::: MATERIAL FOR THIS TASK
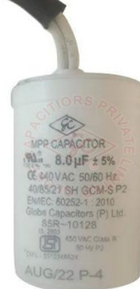
8 MFD 440 VAC MPP Capacitor
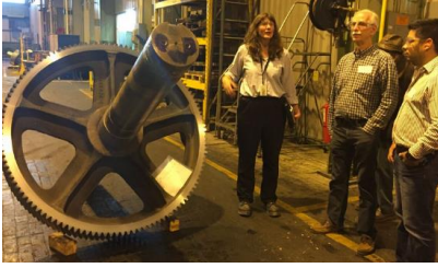
Touring the Falk facility in May
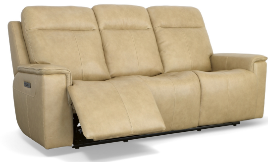
1739-62PH in Leather 202-80
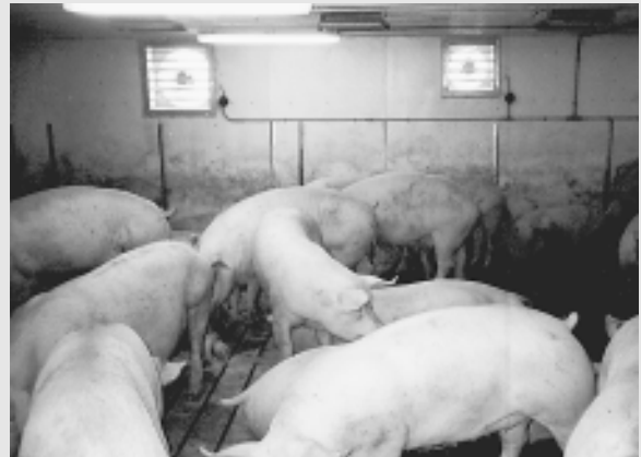
◆ Gestation and breeding area.

During humid, calm days, odor can be a problem, especially from 9 p.m. until 7 a.m. However, the cornfield seems to contain the smell to the building site and the neighbors have not complained. There are no "sensitive areas" nearby. In order to ensure that odor does not become an issue, Larry is planting a buffer line of evergreens around the barn to curb any odors that may otherwise reach his neighbors.
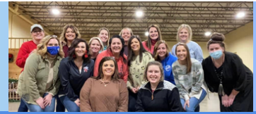
Picture Above is of the Modern Homesteading Homemakers Club

According to its website, the Kentucky Extension Homemakers Association (KEHA) is a volunteer organization that works to improve the quality of life for families and communities through leadership development, volunteer service, and education. County homemaker organizations provide leadership opportunities to its members through filling an office, teaching a lesson, chairing an activity, and being a part of many local associations. Most importantly, it provides companionship and lifelong friendships for most of its members.
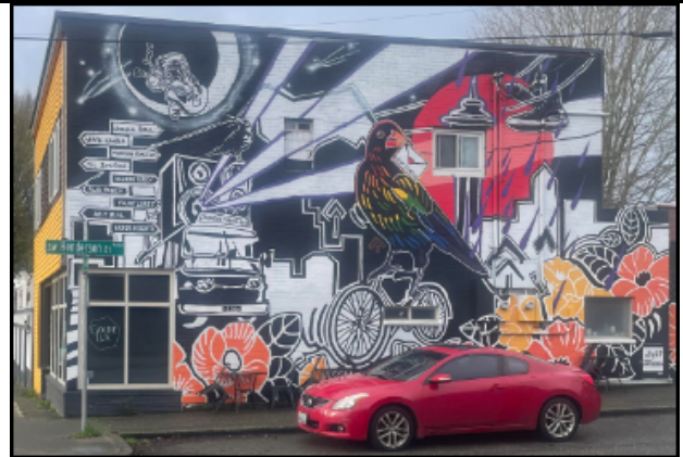
Bird on a Wire Mural

For public transit options, public bathrooms and treats see directions, last page.
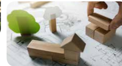
WOOD AS BUILDING MATERIAL
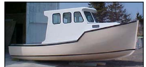
Apple Island 21 Cape Island outboard, for work or play

For more information on the Apple Island 45 , contact Wade Goulden at 902-637-3219 or visit NSBA's website and select Apple Island Marine from our list of members.
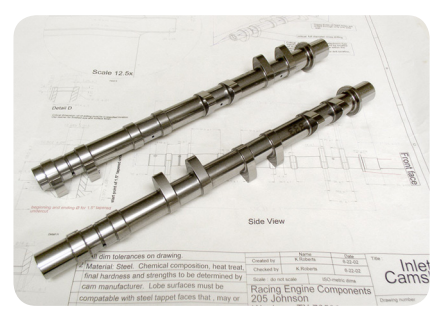
Roberts produces these 260HP inlet cam shafts, that are ground and super finished to specification.
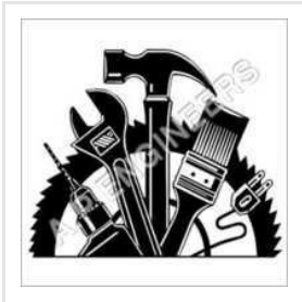
Plant Recondition Services
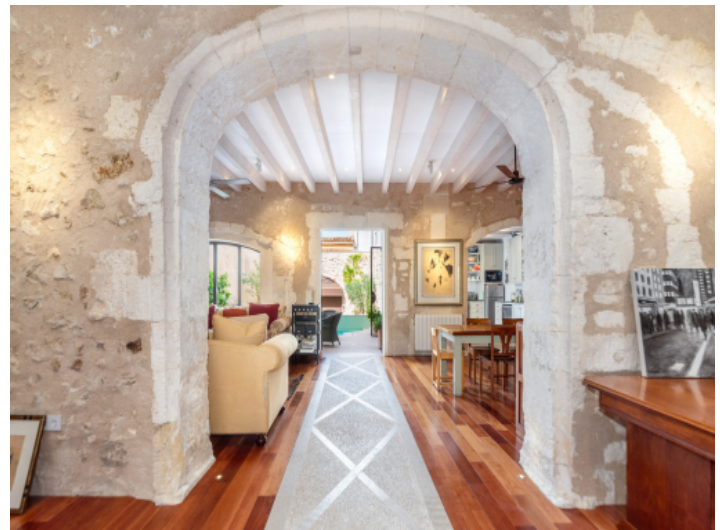
View to the living area
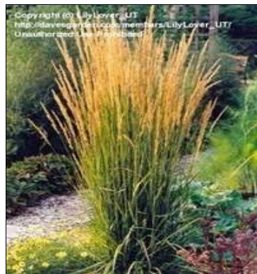
Feather Reed Grass
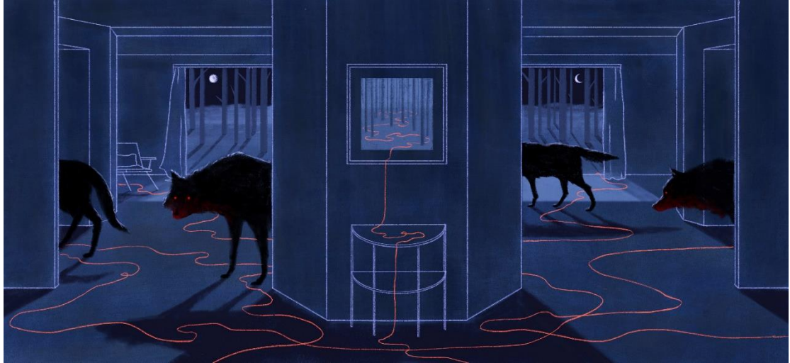
Room #7, Jialun Deng, 2019, Digital
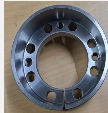
Locking Device 1 Customer – CRI (Coimbatore)
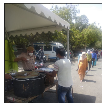
Le Meridien' Distribution of Meals
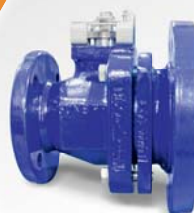
Ball - Drain Valve
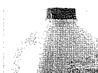
Get 'Real Answers' on What Food Expiration Labels Mean
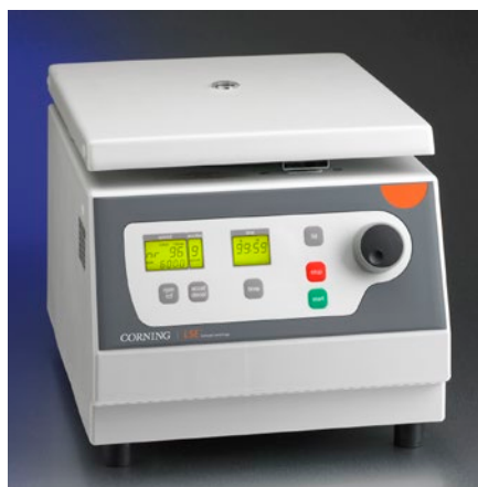
Corning LSE Compact Centrifuge
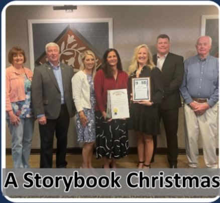
A Storybook Christmas
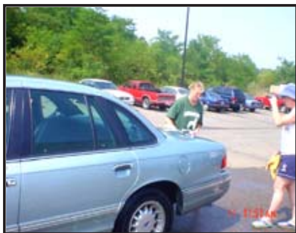
Car Wash, August 11, 2002
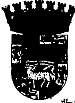
Exhibit "B" to Resolution
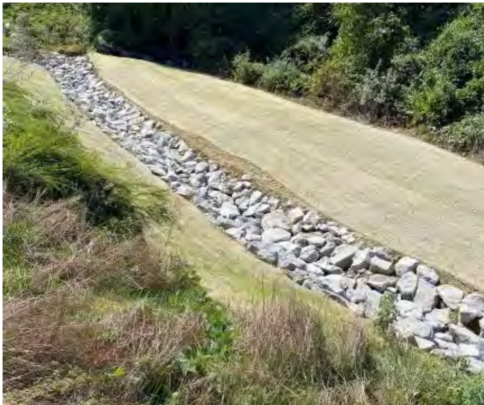
Photo- Basin removed and Permanent Ditch recently completed (10/13/21)
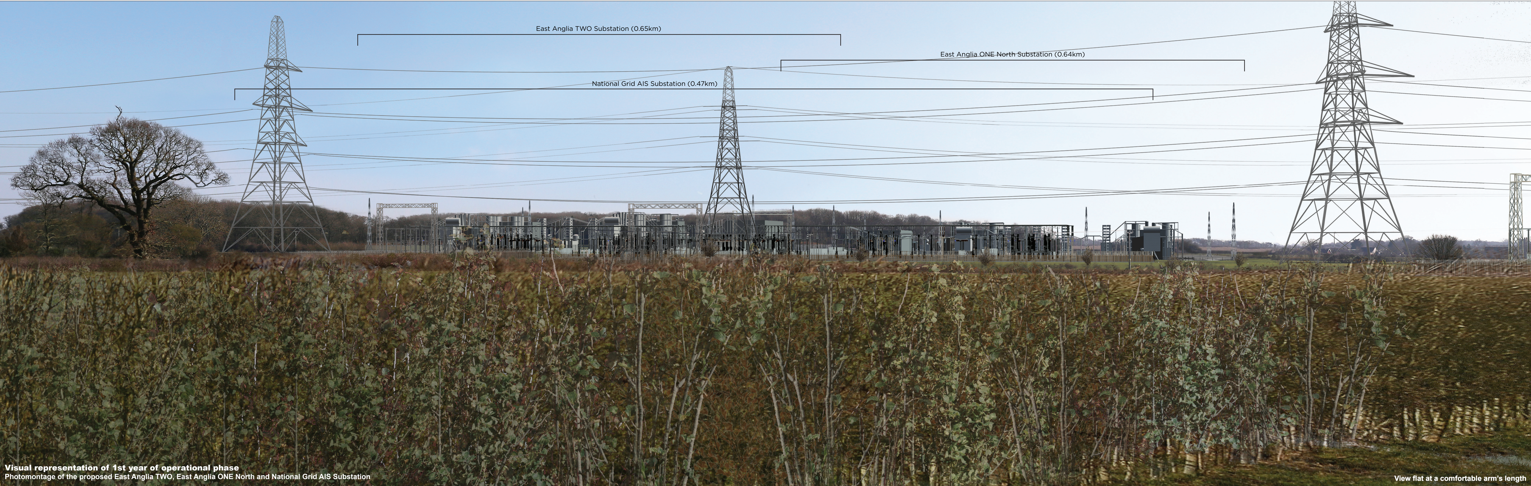
Visual representation of 1st year of operational phase Photomontage of the proposed East Anglia TWO, East Anglia ONE North and National Grid AIS Substation
::::::
[EXERCISE DESCRIPTION]
In the entries above, how many lines hold "Island"? Answer with the number alone.

[PROBLEM SOLUTION]
2